------ Data for this task

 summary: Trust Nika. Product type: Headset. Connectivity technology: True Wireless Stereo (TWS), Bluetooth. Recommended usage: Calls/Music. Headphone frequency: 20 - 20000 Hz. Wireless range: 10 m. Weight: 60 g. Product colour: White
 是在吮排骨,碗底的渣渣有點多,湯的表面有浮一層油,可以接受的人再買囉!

------------
------ Data for this task

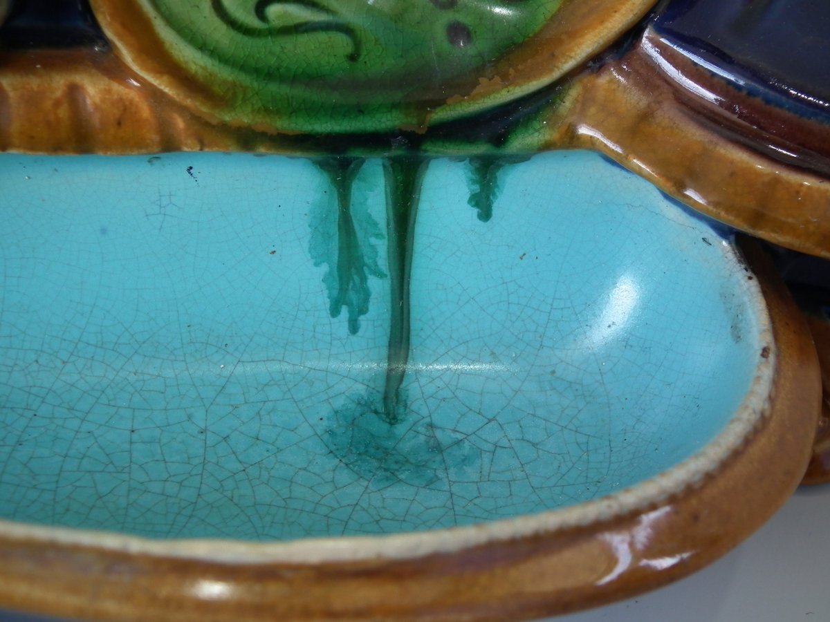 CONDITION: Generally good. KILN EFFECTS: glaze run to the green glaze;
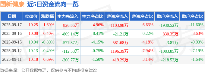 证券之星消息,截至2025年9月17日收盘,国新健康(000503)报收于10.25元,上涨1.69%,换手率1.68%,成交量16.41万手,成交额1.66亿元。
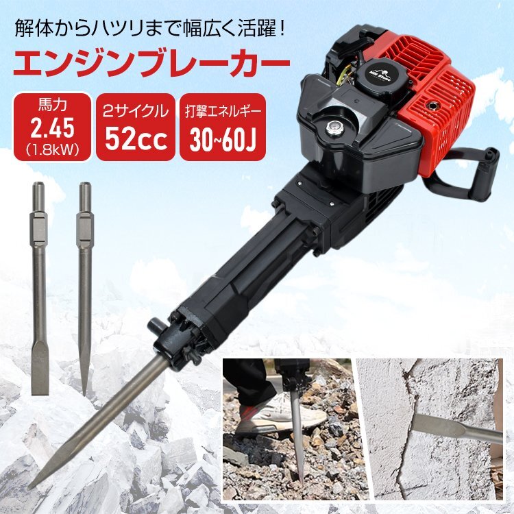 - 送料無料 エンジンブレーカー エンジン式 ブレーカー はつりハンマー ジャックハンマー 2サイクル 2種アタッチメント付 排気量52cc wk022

------------
------ Data for this task

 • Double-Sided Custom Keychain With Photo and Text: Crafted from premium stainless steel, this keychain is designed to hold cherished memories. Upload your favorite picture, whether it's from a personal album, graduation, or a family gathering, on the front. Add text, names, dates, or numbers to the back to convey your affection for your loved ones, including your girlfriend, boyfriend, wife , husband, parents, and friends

------------

## What to do
From the records above, repeat exactly the lines from the one with "summary: Trust Nika." through the one with "是在吮排骨,碗底的渣渣有點多,湯的表面有浮一層油,可以接受的人再買囉!", both included.

## Answer box
 summary: Trust Nika. Product type: Headset. Connectivity technology: True Wireless Stereo (TWS), Bluetooth. Recommended usage: Calls/Music. Headphone frequency: 20 - 20000 Hz. Wireless range: 10 m. Weight: 60 g. Product colour: White
 是在吮排骨,碗底的渣渣有點多,湯的表面有浮一層油,可以接受的人再買囉!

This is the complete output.